Africa’s health struggles should be viewed as providing depth of perspective rather than representing deficits.
President John Dramani said this while reframing the continent’s narrative during the Africa Health Sovereignty Summit in Accra on Tuesday.
“Africa’s pain is not a deficit. It is a depth of perspective.
“Africa’s healing is not a plea. It is a rallying cry,”President Mahama told delegates gathered in Ghana’s capital, which he described as the “land of freedom and justice” and the proud home of Pan-African aspiration.
The President positioned the summit as more than a policy forum, describing it as a moral call, strategic milestone, and continent-wide awakening.
He emphasized that the gathering represented a collective refusal to accept limits imposed by an outdated global health order, with African leaders choosing to lead, reform, heal, and reimagine their approach to health governance.
President Mahama grounded his philosophical framework in human dignity and solidarity, arguing that health represents the foundation of freedom and the currency of dignity.
“In a world where floods erase borders and diseases ignore passports, we must remember one truth: in the face of suffering, we are human.
“Titles disappear. What remains is our dignity, our solidarity, and our shared resolve to protect life,”he stated.
The choice of Accra as the summit venue carried particular significance, with the President emphasizing Ghana’s role as a center of Pan-African aspiration.
He described the gathering as driven by conviction, shared purpose, and a collective determination among African leaders to transform their continent’s health destiny.
President Mahama rejected the notion of African sovereignty as isolation, instead positioning it as co-creation with global partners.

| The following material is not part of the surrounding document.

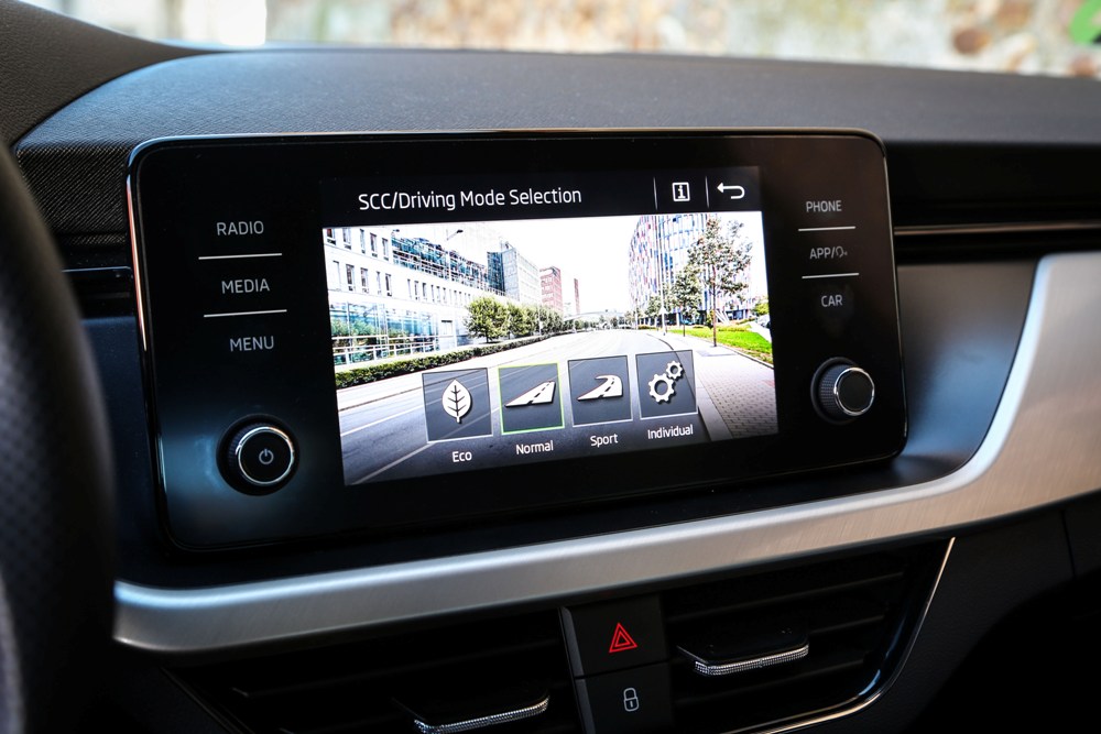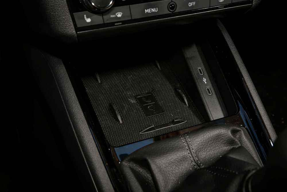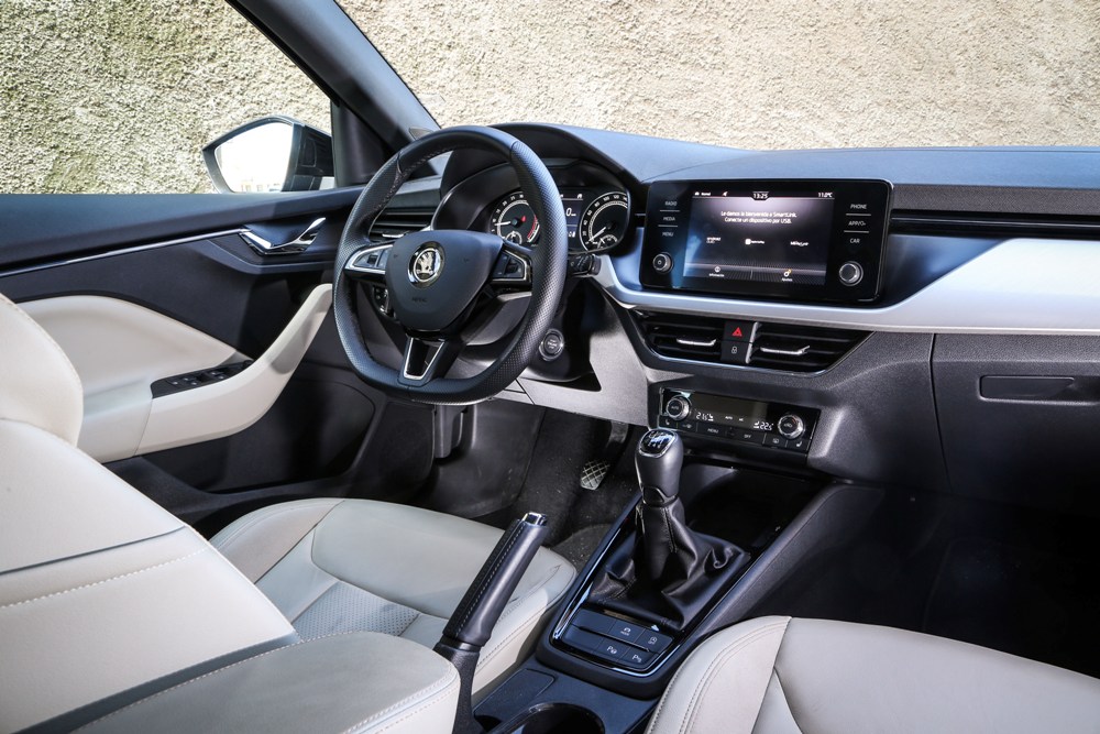 El interior es un fiel reflejo de lo que ha estado haciendo Skoda estos últimos años en sus vehículos. Todo se centra alrededor de la pantalla del sistema de infoentretenimiento, intuitivo y de gran respuesta, la cual adopta un diseño flotante en la parte superior de la consola. Debajo encontramos las salidas de ventilación centrales y el climatizador bizona, un elemento que recuerda al de otros productos del Grupo Volkswagen. En la base de la consola tenemos un punto de carga inalámbrico opcional para dispositivos móviles y, en este caso, la palanca de cambios manual y un grupo de interruptores para los modos de conducción, el aparcamiento asistido o el Start&Stop.

“Our sovereignty is not isolation – it is co-creation,” he declared, calling for a new multilateralism grounded in mutual respect rather than charity, and based on co-creation rather than extraction.
The President described health as the greatest public good, rejecting traditional approaches that treat it as a luxury.
He called for resetting the moral compass of global health governance to build systems that generate wealth, uphold dignity, and expand purpose across the continent.
President Mahama thanked these partners for representing the new multilateralism the world needs.
He called on Africans to not only reimagine their future but to own it, emphasizing that the continent must move from being patients in the global health system to becoming authors, architects, and advocates of their health destiny.
The summit brought together African leaders, international partners including the Rockefeller Foundation and Georgetown University, and organizations like AfroChampions and the Obasanjo Foundation.